On Oct 28, 2010, at 9:48 AM, Andrew Piskorski wrote:

> On Thu, Oct 28, 2010 at 12:15:56AM -0400, Simon Urbanek wrote:
> 
>>> Reason I ask, is I've written some R code which allocates two long
>>> lists, and then calls a C function with .Call.  My C code writes to
>>> those two pre-allocated lists,
> 
>> That's bad! All arguments are essentially read-only so you should
>> never write into them! 
> 
> I don't see how.  (So, what am I missing?)  The R docs themselves
> state that the main point of using .Call rather than .C is that .Call
> does not do any extra copying and gives one direct access to the R
> objects.  (This is indeed very useful, e.g. to reorder a large matrix
> in seconds rather than hours.)
> 

Exactly - direct access without copying which means that you are responsible 
for not modifying anything you don't own. Again, remember that R has copy by 
value semantics so functions can never modify their arguments (at least from 
user's point of view).


> I could allocate the two lists in my C code, but so far it was more 
> convenient to so in R.  

You don't just allocate them, you also assign them to an environment which is 
where the trouble starts. Let's look at a very simple example:

/* do NOT do that kids!! */
SEXP foo(SEXP x) {
  REAL(x)[0] = 1;
  return x;
}

The expected behavior if R was not performing any tricks behind the scenes 
should be in theory:

> a = 0
> .Call("foo", a)
[1] 1
> a
[1] 0

The reason is that in the S language all arguments are passed by value so 
.Call("foo", a) really means .Call("foo", 0) so you only change the "0" but not 
a. However, R attempts to prevent copying so both the environment holding "a" 
*and* the argument passed to .Call will share memory.
Now, why is it a bad idea to modify arguments? This is why (this is actually 
run in R):

> a = 0
> b = a
> .Call("foo", a)
[1] 1
> a
[1] 1
> b
[1] 1

Because R assumes that you don't mess with the arguments, it also optimizes b 
to point to the same object as a which you then modify. Therefor the moment you 
start modifying argument all bets are off, because you cannot know which 
objects have been optimized to share the same memory so you don't know what 
else you'll modify. (More on how you can detect it further down).

There are also rational problems with that:
> .Call("foo", 0)
[1] 1
How can you change a "0" constant to 1 ?!?


> What possible difference in behavior can there be between the two approaches?
> 

The only way to allocate vectors is with things like numeric(10) but you may 
*not* assign it anywhere - that's why .C uses construct like .C(numeric(10), 
...) to create result space for DUP=FALSE but the only reason to do so is 
because it has no choice. You could call .Call(numeric(10), ...) but that sort 
of defeats the purpose and is somewhat dangerous from user's point of view 
since your C code would assume that you don't pass anything else (like a 
variable or a constant) but a "malicious" user could pass anything...

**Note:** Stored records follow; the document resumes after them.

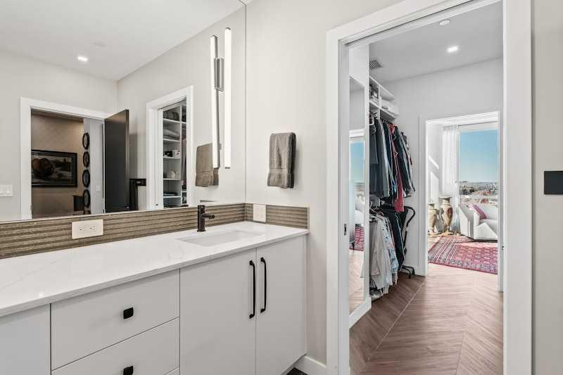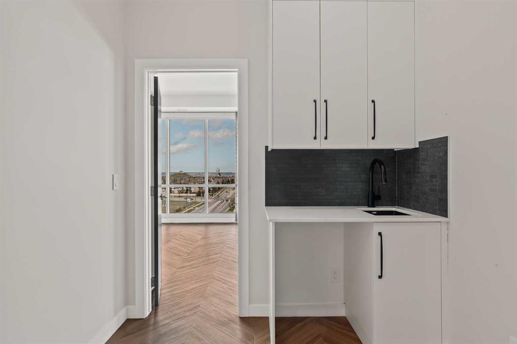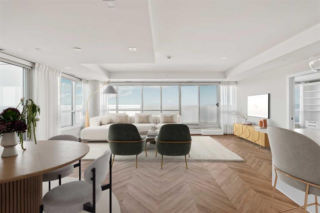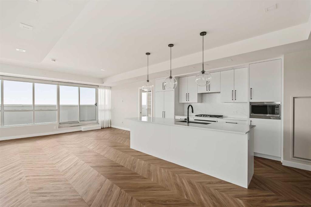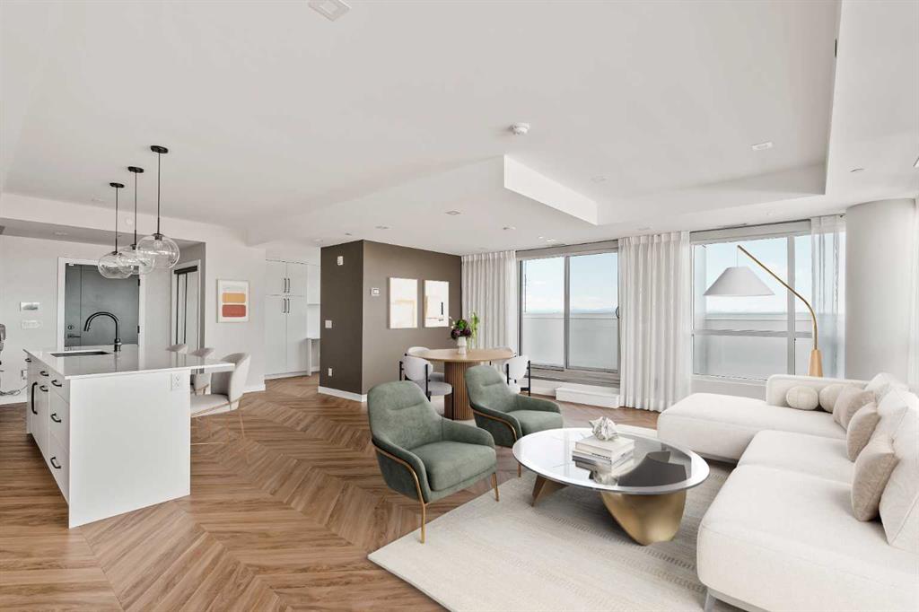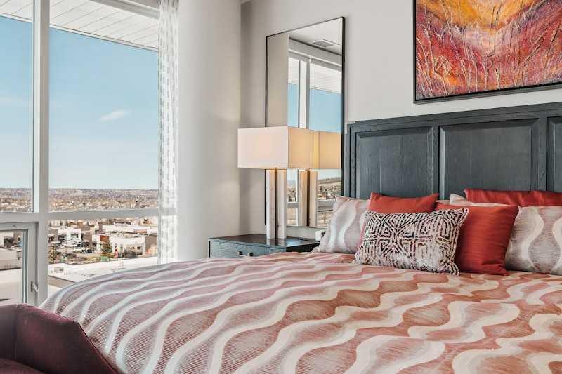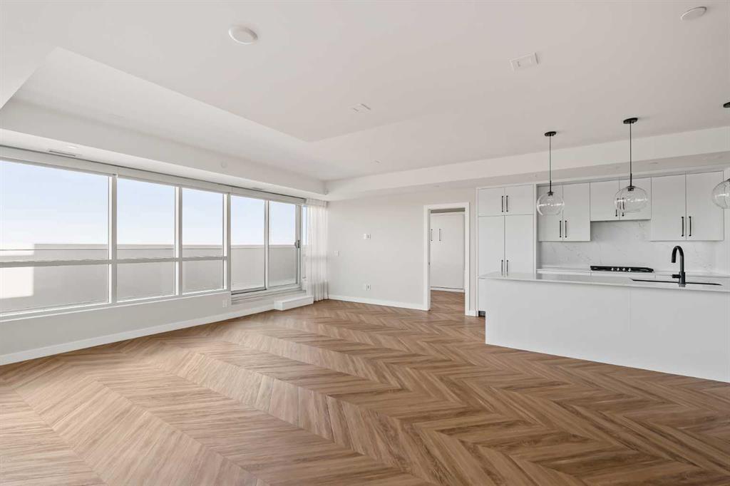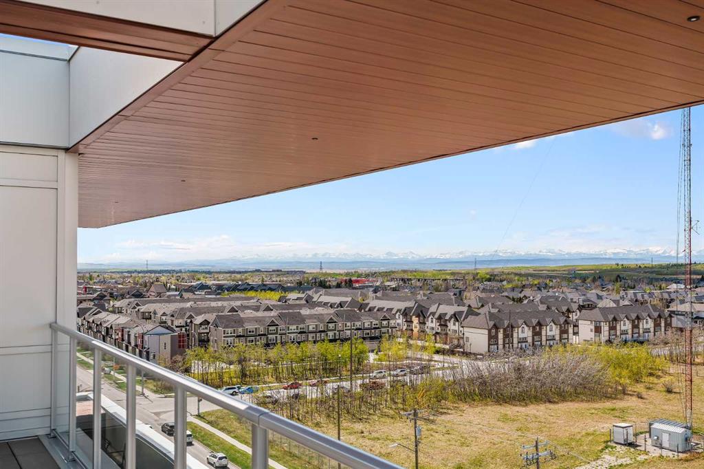Proudly presenting Suite 717, the most coveted West facing corner penthouse in the prestigious Gateway buildings. This extraordinary home offers stunning panoramic mountain views, evening sunsets, impeccable custom upgrades, and a lifestyle of sophistication and comfort. Thoughtfully designed, the home features electric blackout blinds on all windows, a high-end security system with burglar-proof locks, and a versatile main floor with a custom Murphy bed, built-in office, two separate office spaces, refined window treatments, a customized laundry room, and comfort-raised toilets. The gourmet kitchen is a true showpiece, boasting a single bowl sink, garburator, oversized globe pendant lights, dimmable lighting, and upgraded pull out waste bins. Additional luxuries include two premium parking stalls directly outside of the elevator, two storage lockers, accessibility features throughout, and a bonus spacious in suite storage area under the stairs. This penthouse also comes with air conditioning, chevron flooring, quartz countertops, LED square pot lights, solid core doors, soft close drawers, and a gas line on the patio. Built in 2019 with concrete construction and exceptional soundproofing, this boutique style building is unlike anything else in the city. Residents enjoy access to a rooftop patio, stylish residents' lounge, concierge service, visitor parking, EV chargers, and secure bike storage. Located in the Trendy West District this property is steps from Sobeys, Big T's BBQ, UNA Pizza, Deville Coffee, F45 Gym, Hankki, YYC Cycle, and more, with quick access to Old Banff Coach Road, Stoney Trail, and nearby mountain escapes. The fast growing West District will soon offer over 1 million square feet of retail and commercial space, designed for a walkable lifestyle with 20-ft sidewalks and bike paths. Just 15 minutes from downtown, 5 minutes to Winsport, and 60 minutes to the Rockies, Suite 717 offers unmatched urban convenience with a breathtaking natural backdrop. Book your showing today!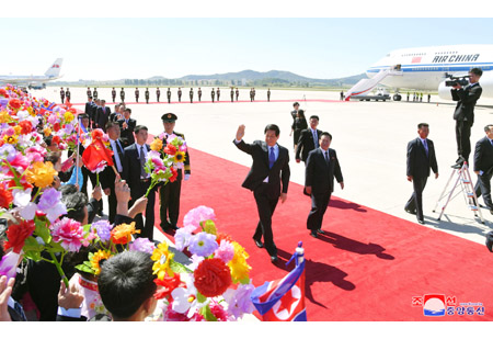 조선로동당 중앙위원회와 조선민주주의인민공화국정부의 초청에 따라 중국공산당 중앙위원회 총서기, 중화인민공화국 주석 습근평동지의 특별대표인 중국공산당 중앙위원회 정치국 상무위원회 위원, 중화인민공화국 전국인민대표대회 상무위원회 위원장 률전서동지가 인솔하는 중화인민공화국 당 및 정부대표단이 조선민주주의인민공화국창건 70돐 경축행사에 참가하기 위해 8일 평양에 도착하였다.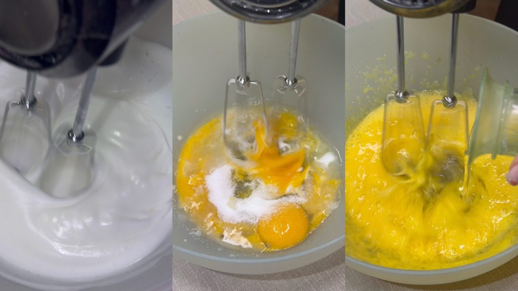 • Voeg de geklopte eiwitten in drie delen toe, met voorzichtige bewegingen van onder naar boven, om het mengsel niet te laten inzakken.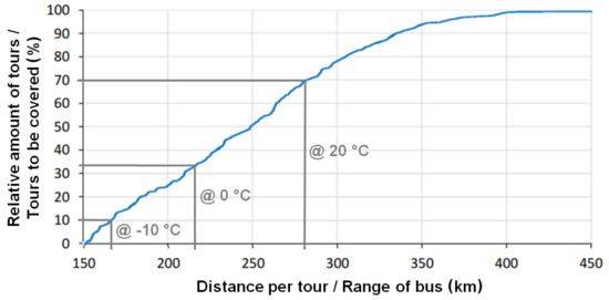 The second challenge to be discussed is the insufficient range of battery-powered electric buses in non-ideal ambient conditions, especially in winter conditions when interior heating is required. A further explanation of this issue is given in Figure 14. On the x-axis of Figure 14, the distance of a city bus’s daily tour relative to the range of a battery-powered electric city bus is given. On the y-axis, the number of tours relative to the tours that can be covered is given. Therefore, the blue line represents the relative number of tours covering the given distance as a function of the relative number of tours that can be covered with a city bus offering the range given on the x-axis. To show the number of tours that electric city buses can cover, grey bars are given using the EvoBus eCitaro as an example. As before mentioned, this bus is offering a range of 280 km under ideal ambient conditions, which is stated to be 20 °C. Referring to the diagram, a range of 280 km is sufficient to cover 70% of all tours within the German bus transport system. However, when interior heating is required, the range of the bus decreases if heaters consuming electric energy are used, and therefore the number of tours that could be covered with the bus decreases as well. Using an ambient temperature of about −10 °C as an example, interior heating of about 1.4 kWh/km is required, according to Figure 1. Since the eCitaro is offering an electric CO2 heat pump, the electric energy consumption is reduced. According to the manufacturer, a COP of about 2 can be reached at an ambient temperature of −10 °C, leading to energy consumption of about 0.7 kWh/km for heating [33]. Together with an energy consumption of 1.04 kWh/km for traction (calculated based on the battery capacity and maximum range), the overall energy consumption would be approx. 1.74 kWh/km, leading to a maximum range of approx. 167 km. As can be seen in the diagram, a range of 167 km would be sufficient for only about 10% of all tours.

>> R has pass-by-value(!) semantics, so semantically you code has
>> nothing to do with the result.1 and result.2 variables since only
>> their *values* are guaranteed to be passed (possibly a copy).
> 
> Clearly C code called from .Call must be allowed to construct R
> objects, as that's how much of R itself is implemented, and further
> down, it's what you recommend I should do instead.
> 
> But why does it follow that C code must never modify an object
> initially allocated by R code?  Are you saying there is some special
> magic difference in the state of an object allocated by R's C code
> vs. one allocated by R code?  If so, what is it?
> 

It's magic of all objects - regardless where they are allocated - and it is 
essentially the NAMED bits that decide whether an object is to be copied or 
not. The object you passed from R was not "yours" in that it was shared with 
the environment you assigned it to (using result.1 <- ..) and your function. If 
you allocate it in C you know that it's not owned by anyone else so you can 
safely modify it.

Now, we can go more into the internals and you can actually use NAMED to detect 
the cases. I'm still not recommending it for the use you mentioned (mostly 
because it may change without notice), but it should give you the full picture. 
Let's modify the example above by adding Rprintf("NAMED=%d\n", NAMED(x));

Here are the different cases:

> .Call("foo", numeric(1))
NAMED=0
[1] 1
# numeric(1) is a direct allocation so it has no reference

> a = numeric(1)
> .Call("foo", a)
NAMED=1
[1] 1
# numeric(1) was direct allocation then assigned to a - so it has one reference

> b = a
> .Call("foo", a)
NAMED=2
[1] 1
# the numeric(1) value in both a and b has now two references
# note that it is not a real reference count - it has only the three states 
above, so removing b doesn't help

> .Call("foo", 1)
NAMED=2
[1] 1
# constants are always flagged to duplicate because they all could share memory 
(the real story is a bit different but that's one explanation ;))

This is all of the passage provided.